There might be a nicer, easier way to achieve this, but I didn't know how. I was trying to use plain old 'summarize', but summarize did not let me aggregate the total population of all continents in each of the years. I'm not sure if this kinf of splitting is available with plyr. Since I couldn't get what I wanted with pylr, I looked at the source code of the summarize function and was able to alter it a little bit to get what I needed.
We can see that Asia is consistently by far the most populated continent, always making up ~60% of the world population.
One very interesting observation is how Europe, America, and Africa changed spots over time. In the 1950's, Europe was the most populated, followed by America and Africa. As the years go by, America's relative population remains fairly constant at around 14.5%, Europe's relative population decreases, and Africa's increases. This trend consistently continues throughout the years without exception, until at the last data point in 2007 the rankings of the three continents is completely flipped from the beginning - Africa followed by America followed by Europe

A list of all countries that at some point had their population size decrease (very fun)

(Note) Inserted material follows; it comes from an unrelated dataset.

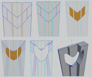 6. "Extrude region". Habe es mal unterschiedlich dick gemacht damit man es besser sieht.

The world can be a very cruel place. Many countries have gone through genocides, massive natural disasters, or other events that have caused them to lose a significant portion of their population. For example, the Khmer Rouge in Cambodia killed off a large fraction of the Cambodian population in the 1970's. As a result, the country's population actually shrank from 1972 to 1977. It is interesting to see what other countries went through a population decrease at some point.

# get all the years that we have data for
years <- unique(gDat$year)
# get a list of all countries
allCountries = levels(gDat$country)
# initialize a vector for the poor countries that experienced a population
# decrease
resultCountries = vector(mode = "character")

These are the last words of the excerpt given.